━━━━━ Information

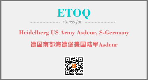 以上为Heidelberg US Army Asdeur, S-Germany英文缩略词ETOQ的中文解释,以及该英文缩写在英语的流行度、分类和应用领域方面的信息。
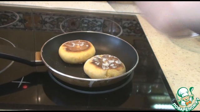 Я оставила две булочки чтобы пожарить. Для этого проделала такие же манипуляции с маслом и кунжутом, потом выкладываю булочки на разогретую на небольшом огне сковороду. Сковороду ничем не смазываю, накрываю крышкой и жарю с одной стороны 5-7 минут.
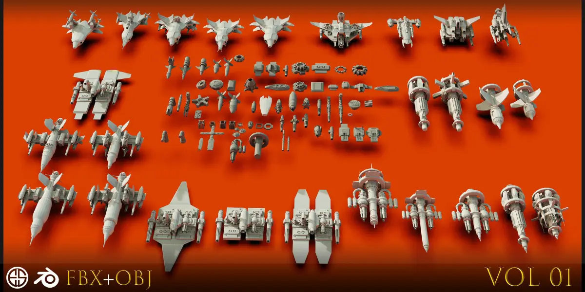 •- Model of Spaceship – Sci-Fi – Kitbashing Model•- This product will speed up your project. Take the modeling process out of your way. Customize models and increase polygons using ready-made spaceship parts inecessary.•- Only the buyer can use this product. Sharing and selling the product is prohibited.•- Can be used in all software and versions•- Model information•- 1- Low polygon models and Base mesh- Each model has less than 10K topology•- 2- Excellent topology•- 3- Ready to increase the polygon count•- 4- Ready to use for texturing•- 5 - FBX - OBJ - Blender - Molder Molds Ready•- 6 - Apply custom changes to models•- 7 - Can be used in game, film and animation creation•- 8 - Use for 3D printing•- 9 - Suitable for teaching and learning textures•- 10- Suitable for teaching retopology and UV•- Your purchase helps to produce more products of Ehsan salari page, please introduce my page to your friends.•-thanks•-This is my email and YouTube address:•- Email: design.ehsan.salari@gmail.com•- https://www.youtube.com/@Ehsan_Salari_1992/videos
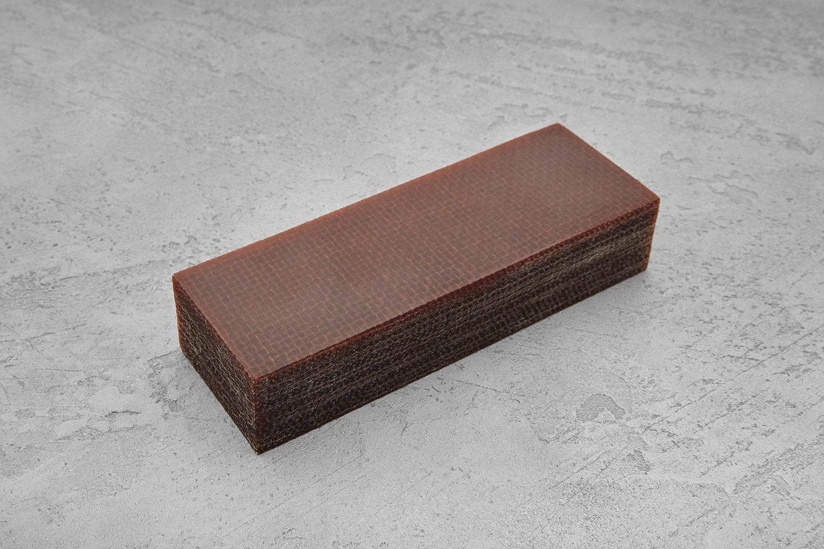 Каталог Для мастеров Материалы для рукояти ножа Микарта (текстолит) Джутовая микарта, блок 135х45х28мм Т8 | Арт Br.J28.008
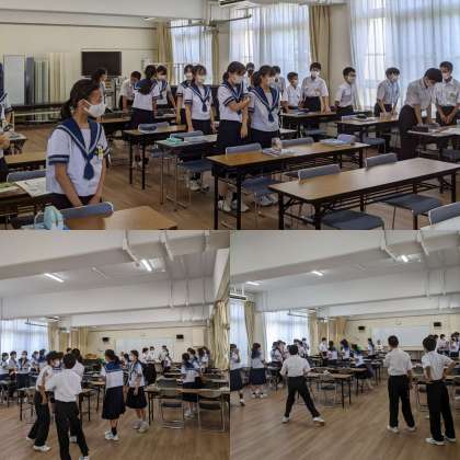 【体育】5時間目の授業の様子です。先生が出題する〇×問題に答えます。しっかり問題を考えて右へ左へと移動して解答します。
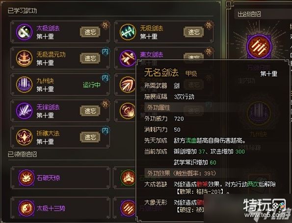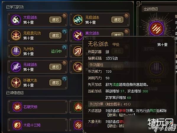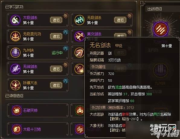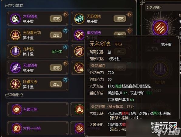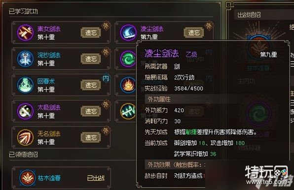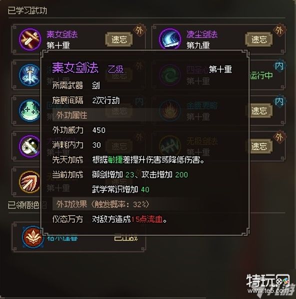另外,武学的级别并不影响触发。下图为曲忘忧的十重素女剑法和九重凌尘剑法的外功触发概率。都是32%。
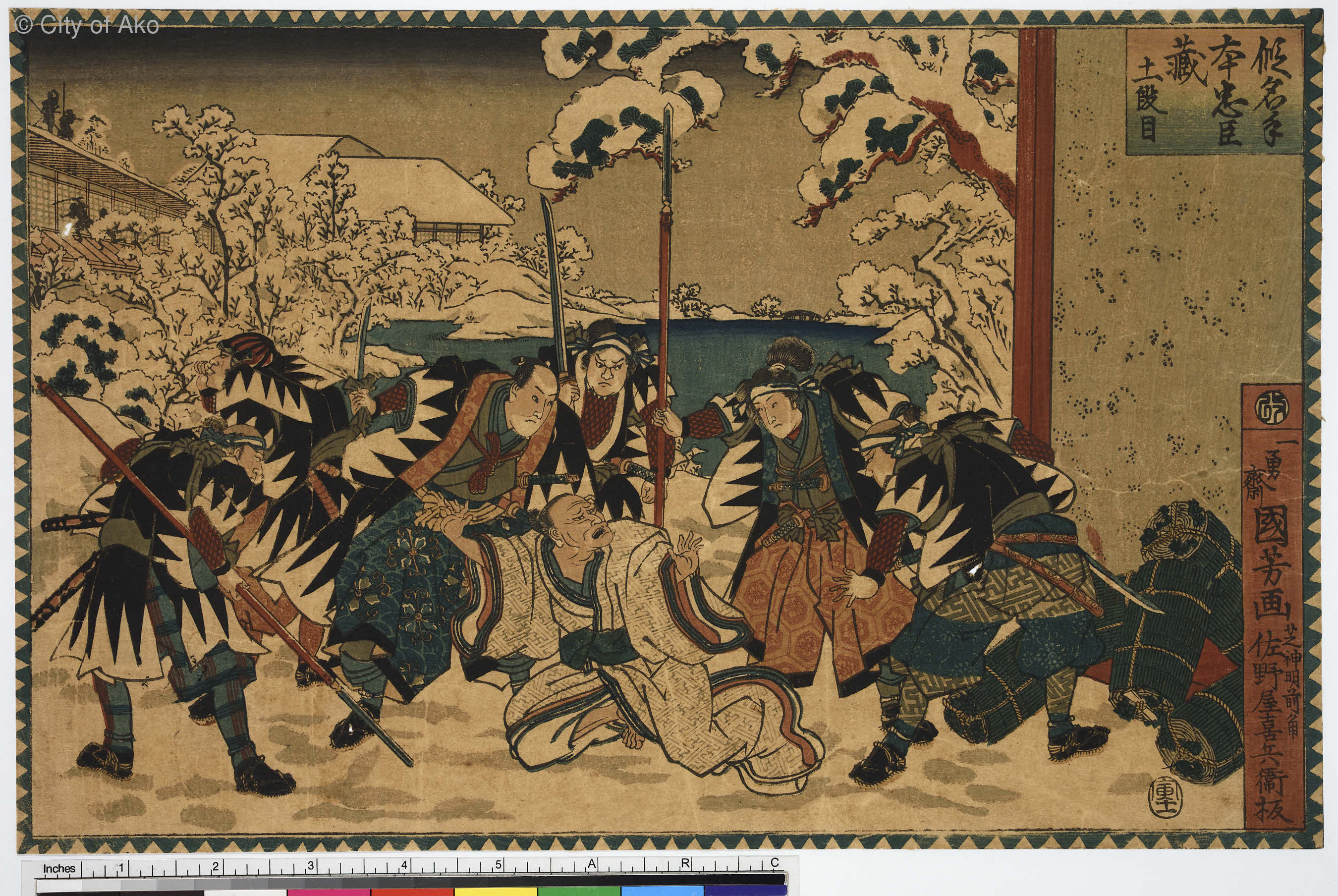 Home E 第五回展覧会 抒情の絵師・広重と奇想の絵師・国芳の忠臣蔵 E2 奇想の絵師・国芳の忠臣蔵 E2.1 物語絵 E2.1.1.11 仮名手本忠臣蔵 十一段目 E2.1.1.11 仮名手本忠臣蔵 十一段目 絵師:歌川国芳出版:安政元年(1854)判型:横大判錦絵12枚揃のうち所蔵:赤穂市立歴史博物館作品番号:AkoRH-R0036-11 物語のクライマックス十一段目は、討入り戦闘シーンではなく、炭小屋に隠れていた師直を見つけ出して取り囲むところを描く。由良之助が師直に生害を促して判官形見の短刀をかざしている。 ID: 26284 Date:2025/11/06 by arc カテゴリ: E2.1 物語絵 [Edit]
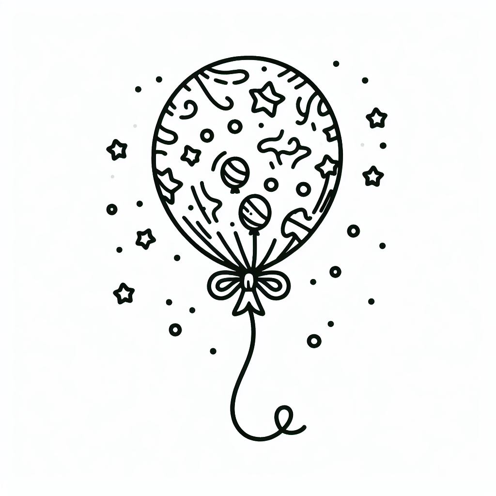ציור של בלון עם כוכבים לצביעה, איור של בלון עם כוכבים להדפסה לצביעה לילדים
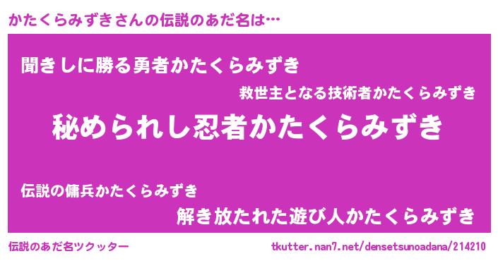 | 意味不明あだ名 | 『かたくらみずきフォーエバー』 |

━━━━━━━━━━

> [Work item]
All that is needed is an exact copy of the lines from the top of the entries through the line containing "Я оставила две", pictures left out.

> [Result for this exercise]
 以上为Heidelberg US Army Asdeur, S-Germany英文缩略词ETOQ的中文解释,以及该英文缩写在英语的流行度、分类和应用领域方面的信息。
 Я оставила две булочки чтобы пожарить. Для этого проделала такие же манипуляции с маслом и кунжутом, потом выкладываю булочки на разогретую на небольшом огне сковороду. Сковороду ничем не смазываю, накрываю крышкой и жарю с одной стороны 5-7 минут.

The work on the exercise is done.